Semester

Spring

Date of Graduation

2011

Document Type

Dissertation

Degree Type

PhD

College

Eberly College of Arts and Sciences

Department

History

Committee Chair

Kenneth Fones-Wolf

Abstract

Colonial New England fathers normally launched sons' careers, often aided by other male relatives. However, economic developments in the early American republic rendered sons' expectations less sure even as Americans began celebrating the concept of the self-made man and pressured young men to distinguish themselves. Even worse, they asserted that success or failure signaled more about the man than about his particular circumstances. This study delves into some close male relationships through which were negotiated these tensions between cultural expectations and reality. Scholars describe the rise of a distinctly Northern, middle-class manhood, but this project isolates how the relationships that undergirded it functioned for individual men propelled toward imagined opportunities in the emerging West, where the fabled "Yankee go-ahead" might achieve its purest expression. It corrects an overemphasis on Eastern urban centers and also challenges a prevailing view that a cultural celebration of individualism reflecting broad changes underway was exemplified by hordes of ambitious, competitive young men eager to try their hands at self-fashioning.

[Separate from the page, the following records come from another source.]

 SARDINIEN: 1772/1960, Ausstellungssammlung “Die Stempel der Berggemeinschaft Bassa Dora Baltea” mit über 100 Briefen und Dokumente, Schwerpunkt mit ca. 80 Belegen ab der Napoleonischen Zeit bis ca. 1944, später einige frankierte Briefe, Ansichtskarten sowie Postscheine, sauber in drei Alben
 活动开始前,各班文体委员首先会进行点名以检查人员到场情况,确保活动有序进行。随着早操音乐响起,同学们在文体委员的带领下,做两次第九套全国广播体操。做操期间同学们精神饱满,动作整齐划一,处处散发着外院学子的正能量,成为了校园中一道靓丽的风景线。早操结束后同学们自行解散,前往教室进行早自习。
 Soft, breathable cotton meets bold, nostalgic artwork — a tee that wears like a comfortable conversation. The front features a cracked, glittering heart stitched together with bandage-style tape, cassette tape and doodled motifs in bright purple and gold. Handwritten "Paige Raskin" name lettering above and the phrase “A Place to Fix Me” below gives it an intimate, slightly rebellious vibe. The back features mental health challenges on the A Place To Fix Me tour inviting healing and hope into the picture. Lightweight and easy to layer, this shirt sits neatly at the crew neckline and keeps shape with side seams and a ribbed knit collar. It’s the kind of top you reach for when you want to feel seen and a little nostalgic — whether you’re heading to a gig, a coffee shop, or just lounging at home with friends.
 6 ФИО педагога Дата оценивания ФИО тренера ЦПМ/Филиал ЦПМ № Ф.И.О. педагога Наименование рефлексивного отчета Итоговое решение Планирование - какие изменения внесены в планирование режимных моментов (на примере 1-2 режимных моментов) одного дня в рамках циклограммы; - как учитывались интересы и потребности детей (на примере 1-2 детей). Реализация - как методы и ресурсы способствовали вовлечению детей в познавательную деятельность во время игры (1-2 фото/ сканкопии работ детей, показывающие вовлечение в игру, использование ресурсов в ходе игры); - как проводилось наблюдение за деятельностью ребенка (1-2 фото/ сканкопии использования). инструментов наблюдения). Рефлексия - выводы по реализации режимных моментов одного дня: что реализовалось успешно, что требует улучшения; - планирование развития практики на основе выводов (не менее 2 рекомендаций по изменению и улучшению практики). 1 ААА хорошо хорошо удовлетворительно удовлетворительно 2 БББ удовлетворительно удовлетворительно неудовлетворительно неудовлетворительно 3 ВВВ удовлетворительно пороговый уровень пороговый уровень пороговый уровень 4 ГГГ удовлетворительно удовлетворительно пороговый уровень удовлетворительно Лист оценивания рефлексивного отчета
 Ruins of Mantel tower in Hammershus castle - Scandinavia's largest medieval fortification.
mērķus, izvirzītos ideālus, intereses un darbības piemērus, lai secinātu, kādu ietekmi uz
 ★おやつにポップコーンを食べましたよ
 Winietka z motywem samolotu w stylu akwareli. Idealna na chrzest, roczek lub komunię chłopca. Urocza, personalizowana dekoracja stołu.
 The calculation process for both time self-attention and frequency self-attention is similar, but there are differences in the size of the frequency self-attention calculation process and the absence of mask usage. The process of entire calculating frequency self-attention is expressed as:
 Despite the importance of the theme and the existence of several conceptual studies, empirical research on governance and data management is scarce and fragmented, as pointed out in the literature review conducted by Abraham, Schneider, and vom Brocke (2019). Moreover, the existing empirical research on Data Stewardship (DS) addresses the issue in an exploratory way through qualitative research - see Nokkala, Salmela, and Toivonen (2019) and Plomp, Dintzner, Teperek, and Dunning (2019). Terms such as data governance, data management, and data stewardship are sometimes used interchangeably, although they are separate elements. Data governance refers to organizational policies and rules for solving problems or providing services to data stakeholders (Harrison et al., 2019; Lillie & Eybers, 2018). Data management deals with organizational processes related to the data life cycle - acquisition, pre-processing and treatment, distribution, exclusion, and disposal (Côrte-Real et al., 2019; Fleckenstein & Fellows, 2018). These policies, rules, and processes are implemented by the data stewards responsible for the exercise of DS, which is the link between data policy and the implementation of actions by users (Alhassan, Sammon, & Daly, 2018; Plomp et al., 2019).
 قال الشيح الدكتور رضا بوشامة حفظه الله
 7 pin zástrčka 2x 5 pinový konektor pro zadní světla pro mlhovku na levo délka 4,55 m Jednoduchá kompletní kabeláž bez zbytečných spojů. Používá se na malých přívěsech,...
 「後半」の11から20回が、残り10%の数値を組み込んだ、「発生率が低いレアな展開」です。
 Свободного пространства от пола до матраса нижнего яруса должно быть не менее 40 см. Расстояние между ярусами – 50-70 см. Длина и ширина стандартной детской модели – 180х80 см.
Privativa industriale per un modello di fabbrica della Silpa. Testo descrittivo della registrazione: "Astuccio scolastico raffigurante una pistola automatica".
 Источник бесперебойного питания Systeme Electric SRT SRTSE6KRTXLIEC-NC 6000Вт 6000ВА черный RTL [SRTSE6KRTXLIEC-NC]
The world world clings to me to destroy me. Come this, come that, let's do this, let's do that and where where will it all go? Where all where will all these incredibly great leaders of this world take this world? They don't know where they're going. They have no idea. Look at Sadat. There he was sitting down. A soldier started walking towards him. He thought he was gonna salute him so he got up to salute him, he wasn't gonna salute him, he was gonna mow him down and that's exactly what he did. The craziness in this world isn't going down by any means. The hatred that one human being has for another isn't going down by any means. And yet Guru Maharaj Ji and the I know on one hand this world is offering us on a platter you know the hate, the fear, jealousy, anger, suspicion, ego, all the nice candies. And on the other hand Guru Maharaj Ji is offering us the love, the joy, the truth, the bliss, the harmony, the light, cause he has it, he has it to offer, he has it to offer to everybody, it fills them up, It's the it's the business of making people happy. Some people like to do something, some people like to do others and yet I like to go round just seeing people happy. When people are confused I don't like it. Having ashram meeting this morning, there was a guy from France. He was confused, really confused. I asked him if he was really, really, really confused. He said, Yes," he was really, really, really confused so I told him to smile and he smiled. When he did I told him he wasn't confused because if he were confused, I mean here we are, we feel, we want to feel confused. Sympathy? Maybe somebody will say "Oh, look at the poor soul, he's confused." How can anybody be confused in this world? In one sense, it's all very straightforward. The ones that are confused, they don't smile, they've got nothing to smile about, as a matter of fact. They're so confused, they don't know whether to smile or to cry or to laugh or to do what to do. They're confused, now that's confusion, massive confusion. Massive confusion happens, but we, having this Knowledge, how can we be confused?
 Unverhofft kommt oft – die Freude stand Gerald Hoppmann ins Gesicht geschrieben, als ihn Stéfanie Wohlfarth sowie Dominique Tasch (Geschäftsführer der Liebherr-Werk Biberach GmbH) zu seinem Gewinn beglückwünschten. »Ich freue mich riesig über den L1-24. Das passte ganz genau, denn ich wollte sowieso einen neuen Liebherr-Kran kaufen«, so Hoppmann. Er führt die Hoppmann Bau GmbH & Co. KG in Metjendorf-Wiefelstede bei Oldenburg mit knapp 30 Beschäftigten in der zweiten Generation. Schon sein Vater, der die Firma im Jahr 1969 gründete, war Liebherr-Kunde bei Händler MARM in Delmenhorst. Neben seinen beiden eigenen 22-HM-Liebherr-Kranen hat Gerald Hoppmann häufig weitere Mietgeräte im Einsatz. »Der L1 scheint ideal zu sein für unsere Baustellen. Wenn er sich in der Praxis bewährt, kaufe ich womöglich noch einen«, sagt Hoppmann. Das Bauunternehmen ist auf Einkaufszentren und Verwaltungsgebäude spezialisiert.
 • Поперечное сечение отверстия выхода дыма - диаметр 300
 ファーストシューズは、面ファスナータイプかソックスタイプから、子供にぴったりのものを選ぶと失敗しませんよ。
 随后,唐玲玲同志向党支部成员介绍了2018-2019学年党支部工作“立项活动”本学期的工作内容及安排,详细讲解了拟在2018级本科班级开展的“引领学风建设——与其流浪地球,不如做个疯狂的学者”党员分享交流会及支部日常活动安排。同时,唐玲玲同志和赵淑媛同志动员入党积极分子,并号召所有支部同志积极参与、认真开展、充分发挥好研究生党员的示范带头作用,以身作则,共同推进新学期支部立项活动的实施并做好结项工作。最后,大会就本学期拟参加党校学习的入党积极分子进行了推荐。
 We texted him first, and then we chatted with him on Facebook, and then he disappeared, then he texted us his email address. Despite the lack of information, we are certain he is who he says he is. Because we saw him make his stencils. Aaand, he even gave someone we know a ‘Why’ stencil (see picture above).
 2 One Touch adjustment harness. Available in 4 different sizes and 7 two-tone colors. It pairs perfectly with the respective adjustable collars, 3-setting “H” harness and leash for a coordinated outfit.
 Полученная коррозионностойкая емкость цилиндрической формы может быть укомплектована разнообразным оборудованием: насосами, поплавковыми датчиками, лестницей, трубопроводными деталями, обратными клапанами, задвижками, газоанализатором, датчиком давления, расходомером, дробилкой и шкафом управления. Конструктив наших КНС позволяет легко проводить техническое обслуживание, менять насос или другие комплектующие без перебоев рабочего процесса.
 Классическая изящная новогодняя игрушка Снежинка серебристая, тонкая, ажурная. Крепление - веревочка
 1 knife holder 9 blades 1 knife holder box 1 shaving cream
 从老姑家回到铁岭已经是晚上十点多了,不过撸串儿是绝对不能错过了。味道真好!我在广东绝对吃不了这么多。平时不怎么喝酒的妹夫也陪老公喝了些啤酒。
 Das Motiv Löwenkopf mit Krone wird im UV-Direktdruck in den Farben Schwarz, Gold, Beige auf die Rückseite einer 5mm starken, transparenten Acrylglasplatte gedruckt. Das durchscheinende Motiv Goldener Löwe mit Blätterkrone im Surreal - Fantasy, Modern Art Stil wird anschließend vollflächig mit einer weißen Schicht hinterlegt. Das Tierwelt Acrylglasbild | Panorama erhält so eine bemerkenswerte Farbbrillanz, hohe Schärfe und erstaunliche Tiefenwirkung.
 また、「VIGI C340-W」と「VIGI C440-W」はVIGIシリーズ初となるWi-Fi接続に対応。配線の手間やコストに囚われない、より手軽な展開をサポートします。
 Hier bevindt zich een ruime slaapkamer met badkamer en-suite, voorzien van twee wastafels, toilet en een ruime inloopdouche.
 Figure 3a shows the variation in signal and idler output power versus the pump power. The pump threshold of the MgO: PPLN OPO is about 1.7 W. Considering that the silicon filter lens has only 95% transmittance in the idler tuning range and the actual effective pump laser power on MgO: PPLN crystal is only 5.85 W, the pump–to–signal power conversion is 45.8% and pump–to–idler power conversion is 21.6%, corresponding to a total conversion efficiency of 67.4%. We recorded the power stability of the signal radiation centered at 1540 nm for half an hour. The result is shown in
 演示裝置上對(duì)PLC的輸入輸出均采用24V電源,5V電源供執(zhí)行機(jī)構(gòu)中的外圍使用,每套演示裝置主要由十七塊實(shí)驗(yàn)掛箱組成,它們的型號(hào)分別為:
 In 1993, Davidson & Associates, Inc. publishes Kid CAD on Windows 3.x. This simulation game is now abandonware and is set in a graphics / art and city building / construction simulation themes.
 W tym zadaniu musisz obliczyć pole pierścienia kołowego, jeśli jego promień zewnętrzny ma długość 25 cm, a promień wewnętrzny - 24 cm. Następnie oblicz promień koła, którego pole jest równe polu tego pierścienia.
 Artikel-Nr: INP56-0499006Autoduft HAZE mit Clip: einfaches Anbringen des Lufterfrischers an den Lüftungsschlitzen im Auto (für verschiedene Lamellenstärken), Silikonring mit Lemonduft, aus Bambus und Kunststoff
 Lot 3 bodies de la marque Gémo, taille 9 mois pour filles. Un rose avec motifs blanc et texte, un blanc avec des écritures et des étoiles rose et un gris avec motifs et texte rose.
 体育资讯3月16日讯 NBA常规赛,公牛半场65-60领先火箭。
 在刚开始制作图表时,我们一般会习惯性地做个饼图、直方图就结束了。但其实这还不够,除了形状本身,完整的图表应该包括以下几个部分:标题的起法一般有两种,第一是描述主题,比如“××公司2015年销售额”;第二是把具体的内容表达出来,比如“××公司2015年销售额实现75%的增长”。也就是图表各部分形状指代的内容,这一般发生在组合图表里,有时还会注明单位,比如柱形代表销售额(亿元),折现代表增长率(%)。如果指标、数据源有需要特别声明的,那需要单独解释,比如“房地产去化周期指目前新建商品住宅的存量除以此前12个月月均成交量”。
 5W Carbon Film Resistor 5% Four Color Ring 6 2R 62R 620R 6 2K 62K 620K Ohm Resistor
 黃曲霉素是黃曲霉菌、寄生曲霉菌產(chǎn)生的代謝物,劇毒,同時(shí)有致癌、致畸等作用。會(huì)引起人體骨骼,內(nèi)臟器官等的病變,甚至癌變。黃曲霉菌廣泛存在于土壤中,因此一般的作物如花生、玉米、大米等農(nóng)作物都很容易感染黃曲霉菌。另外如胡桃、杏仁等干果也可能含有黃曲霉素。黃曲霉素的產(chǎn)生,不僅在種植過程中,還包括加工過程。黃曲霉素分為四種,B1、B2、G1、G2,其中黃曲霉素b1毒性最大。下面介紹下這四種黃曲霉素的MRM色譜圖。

If this research is indicative, often a circle of close male associates surrounded and protected aspiring men from suffering the full potential brunt of the competitive marketplace. Three chapters examine case studies involving Northwest Territory Judge John Cleves Symmes, Western Reserve abolitionist Joshua Giddings, and Bleeding Kansas participant Oscar Learnard. All three had New England backgrounds and ideas about what roles close male associates might play in the lives of young men hoping for a launch into adulthood. They also had a boundless supply of ambition and viewed the developing West as the place to unleash it: they were go-ahead men.